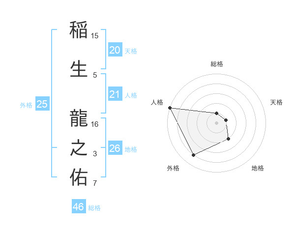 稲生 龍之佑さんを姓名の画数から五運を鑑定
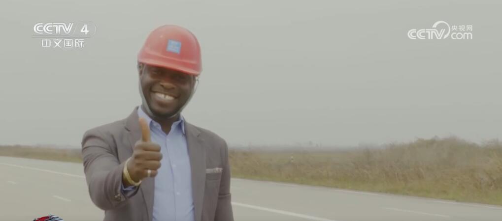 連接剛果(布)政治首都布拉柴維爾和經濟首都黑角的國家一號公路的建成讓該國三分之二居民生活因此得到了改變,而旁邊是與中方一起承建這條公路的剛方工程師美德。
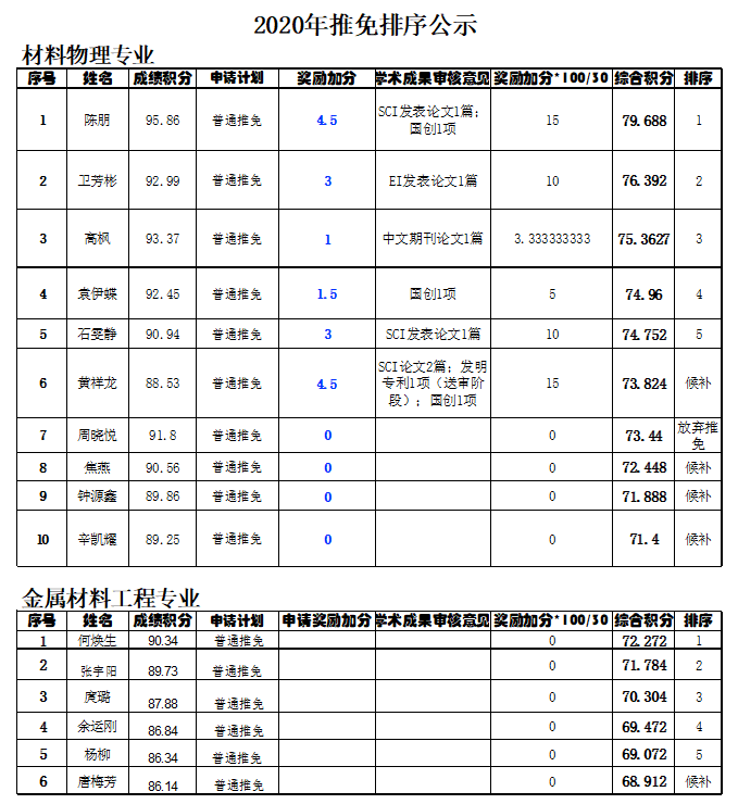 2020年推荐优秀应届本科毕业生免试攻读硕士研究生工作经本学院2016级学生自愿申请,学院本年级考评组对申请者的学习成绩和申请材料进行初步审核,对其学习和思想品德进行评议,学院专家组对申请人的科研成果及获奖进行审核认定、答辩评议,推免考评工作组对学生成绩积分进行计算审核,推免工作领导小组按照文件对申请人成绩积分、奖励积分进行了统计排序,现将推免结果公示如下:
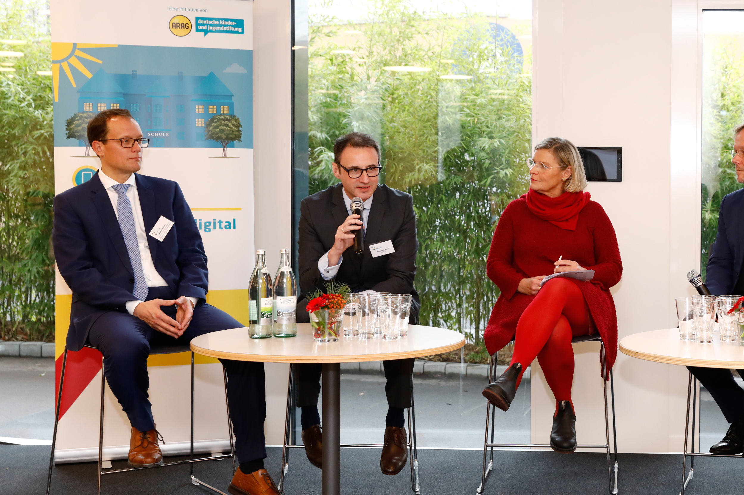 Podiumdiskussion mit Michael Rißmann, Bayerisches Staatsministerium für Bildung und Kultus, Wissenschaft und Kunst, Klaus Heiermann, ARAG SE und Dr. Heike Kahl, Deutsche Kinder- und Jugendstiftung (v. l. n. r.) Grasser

• PROMPT: Word for word, restate all of the material, omitting the images.

• SOLUTION FOR THIS EXERCISE:
 稲生 龍之佑さんを姓名の画数から五運を鑑定
 連接剛果(布)政治首都布拉柴維爾和經濟首都黑角的國家一號公路的建成讓該國三分之二居民生活因此得到了改變,而旁邊是與中方一起承建這條公路的剛方工程師美德。
 2020年推荐优秀应届本科毕业生免试攻读硕士研究生工作经本学院2016级学生自愿申请,学院本年级考评组对申请者的学习成绩和申请材料进行初步审核,对其学习和思想品德进行评议,学院专家组对申请人的科研成果及获奖进行审核认定、答辩评议,推免考评工作组对学生成绩积分进行计算审核,推免工作领导小组按照文件对申请人成绩积分、奖励积分进行了统计排序,现将推免结果公示如下:
 Podiumdiskussion mit Michael Rißmann, Bayerisches Staatsministerium für Bildung und Kultus, Wissenschaft und Kunst, Klaus Heiermann, ARAG SE und Dr. Heike Kahl, Deutsche Kinder- und Jugendstiftung (v. l. n. r.) Grasser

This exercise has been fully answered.